Dynamic Vehicle–Track Model to Study the Effects of Track Geometry and Vehicle–Track Interaction on Concrete Tie Rail Seat Load Environment

Abstract

Rail seat deterioration (RSD) of concrete ties is manifested by the loss of concrete material in the rail seat area supporting the rail. This failure mode can lead to track that performs poorly and, in extreme cases, can result in the loss of rail clip hold down, reverse rail cant, and rail rollover derailments. This paper describes the use of a multibody vehicle–track dynamics model developed to study the load environment of concrete tie rail seats, specifically addressing the failure mode of RSD. Vehicle–track interaction simulations were conducted to determine the effect of track geometry perturbations on the overall load environment. Various types and magnitudes of track geometry perturbations, including combinations of surface (vertical) and alignment (lateral) perturbations were considered.
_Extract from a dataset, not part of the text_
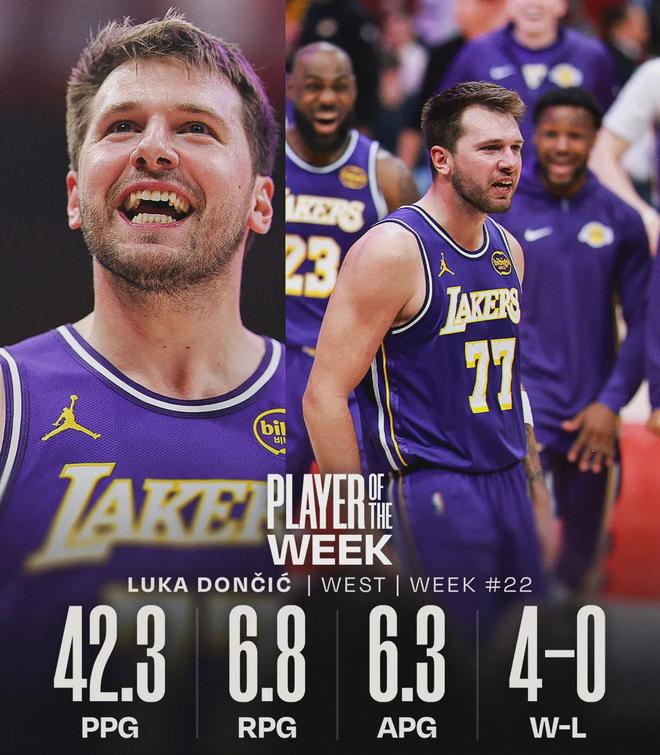 北京時間3月24日,NBA常規(guī)賽:活塞主場vs湖人。東契奇第16個技犯被撤銷,本場能夠出戰(zhàn)。此外,今天賽前NBA官方宣布:東契奇和三球當(dāng)選周最佳球員。東契奇上周場均砍下42.3分6.8籃板6.3助攻,率領(lǐng)湖人取得4勝0負(fù)。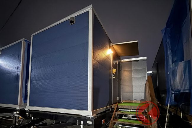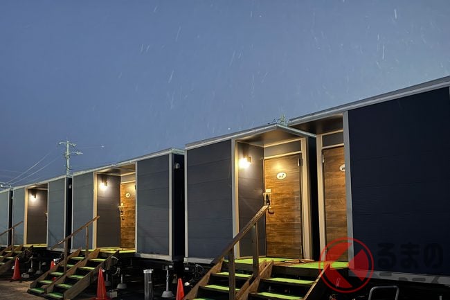 今回宿泊したのは、コンテナのような四角いボディが整然と並ぶ、トレーラー型の簡易宿泊施設です。

Fastening system parameters such as clip hold-down force, tie pad stiffness, and broken insulator conditions were also considered. Results of these simulations suggest that concrete crushing, a hypothesized mechanism of RSD, is unlikely in realistic revenue service conditions. Under the load environments considered, the results augment support for an abrasion-related mechanism of RSD that may be more dependent on tonnage and infiltration of fine particles in the rail seat, two factors not addressed in this model. Results from in-track testing are also presented to compare model outputs with measured in-track forces under artificial track geometry perturbations installed at the Transportation Technology Center’s Facility for Accelerated Service Testing. More broadly, the use of this model to explore the effects of vehicle track interaction on tie and fastener load environment is also discussed.